Recorded data
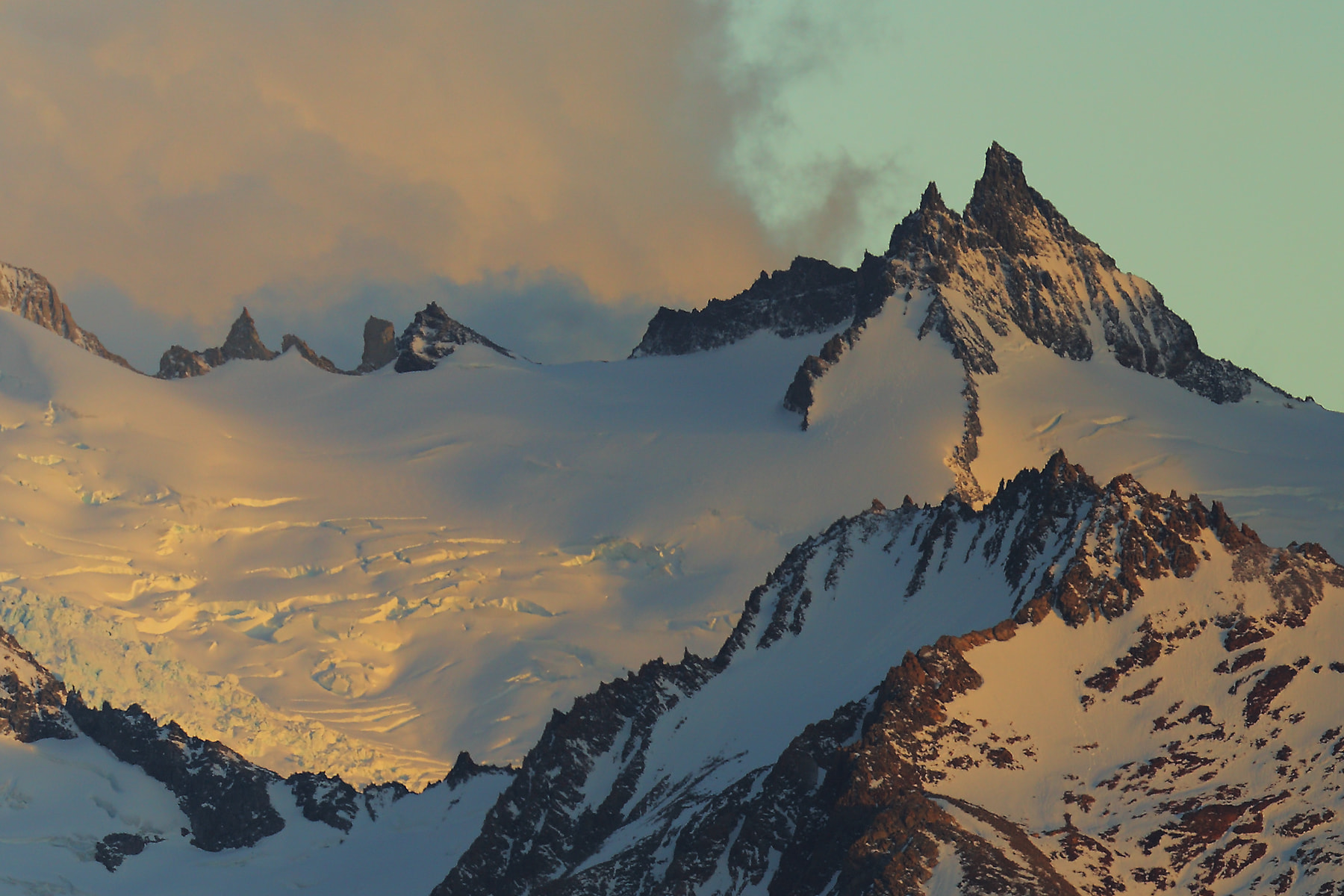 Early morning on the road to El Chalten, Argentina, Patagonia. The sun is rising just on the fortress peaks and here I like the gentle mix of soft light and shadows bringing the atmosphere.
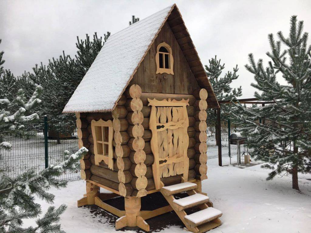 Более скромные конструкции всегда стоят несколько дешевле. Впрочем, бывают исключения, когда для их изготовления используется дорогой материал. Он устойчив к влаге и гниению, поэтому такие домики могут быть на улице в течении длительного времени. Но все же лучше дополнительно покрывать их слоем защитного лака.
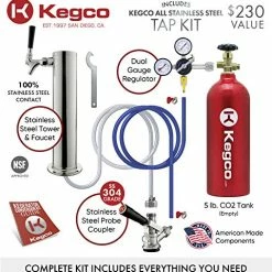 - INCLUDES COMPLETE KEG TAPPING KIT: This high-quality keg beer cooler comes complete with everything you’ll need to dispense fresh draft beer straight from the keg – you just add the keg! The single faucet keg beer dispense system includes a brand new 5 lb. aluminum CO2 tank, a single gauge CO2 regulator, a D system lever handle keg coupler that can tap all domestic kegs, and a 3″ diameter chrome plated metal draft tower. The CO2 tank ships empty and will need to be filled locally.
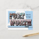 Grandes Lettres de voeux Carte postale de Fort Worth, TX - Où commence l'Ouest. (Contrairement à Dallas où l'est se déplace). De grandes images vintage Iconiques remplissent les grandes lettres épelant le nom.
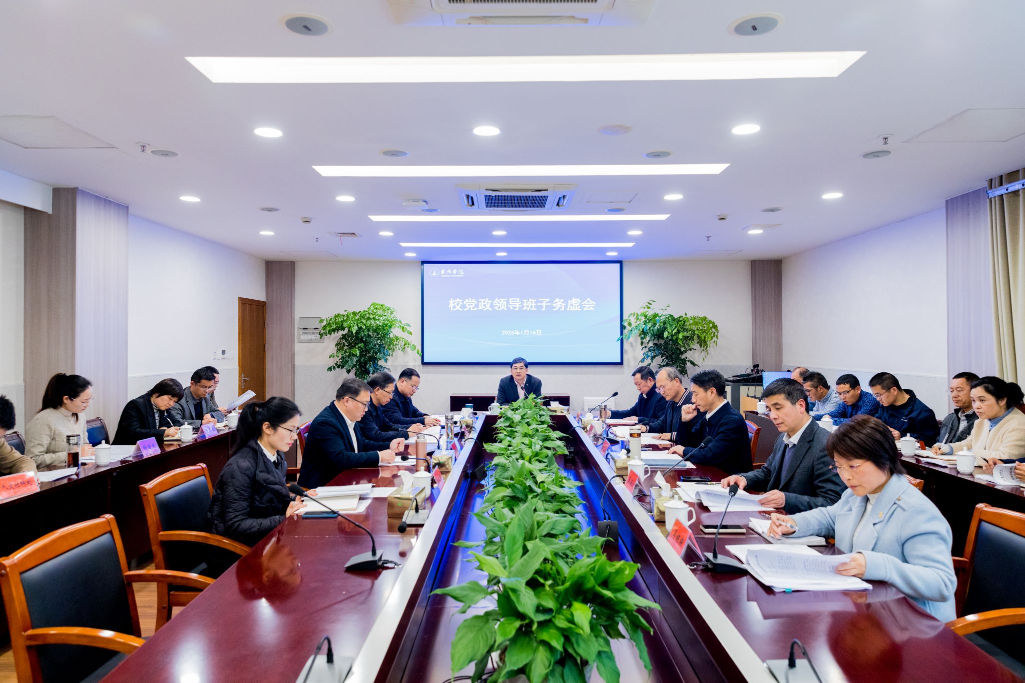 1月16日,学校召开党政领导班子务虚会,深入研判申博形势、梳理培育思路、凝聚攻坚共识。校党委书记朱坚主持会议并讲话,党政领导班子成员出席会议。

Your goal
Return each entry exactly as it appears above, but exclude the pictures.

Exercise answer
 Early morning on the road to El Chalten, Argentina, Patagonia. The sun is rising just on the fortress peaks and here I like the gentle mix of soft light and shadows bringing the atmosphere.
 Более скромные конструкции всегда стоят несколько дешевле. Впрочем, бывают исключения, когда для их изготовления используется дорогой материал. Он устойчив к влаге и гниению, поэтому такие домики могут быть на улице в течении длительного времени. Но все же лучше дополнительно покрывать их слоем защитного лака.
 - INCLUDES COMPLETE KEG TAPPING KIT: This high-quality keg beer cooler comes complete with everything you’ll need to dispense fresh draft beer straight from the keg – you just add the keg! The single faucet keg beer dispense system includes a brand new 5 lb. aluminum CO2 tank, a single gauge CO2 regulator, a D system lever handle keg coupler that can tap all domestic kegs, and a 3″ diameter chrome plated metal draft tower. The CO2 tank ships empty and will need to be filled locally.
 Grandes Lettres de voeux Carte postale de Fort Worth, TX - Où commence l'Ouest. (Contrairement à Dallas où l'est se déplace). De grandes images vintage Iconiques remplissent les grandes lettres épelant le nom.
 1月16日,学校召开党政领导班子务虚会,深入研判申博形势、梳理培育思路、凝聚攻坚共识。校党委书记朱坚主持会议并讲话,党政领导班子成员出席会议。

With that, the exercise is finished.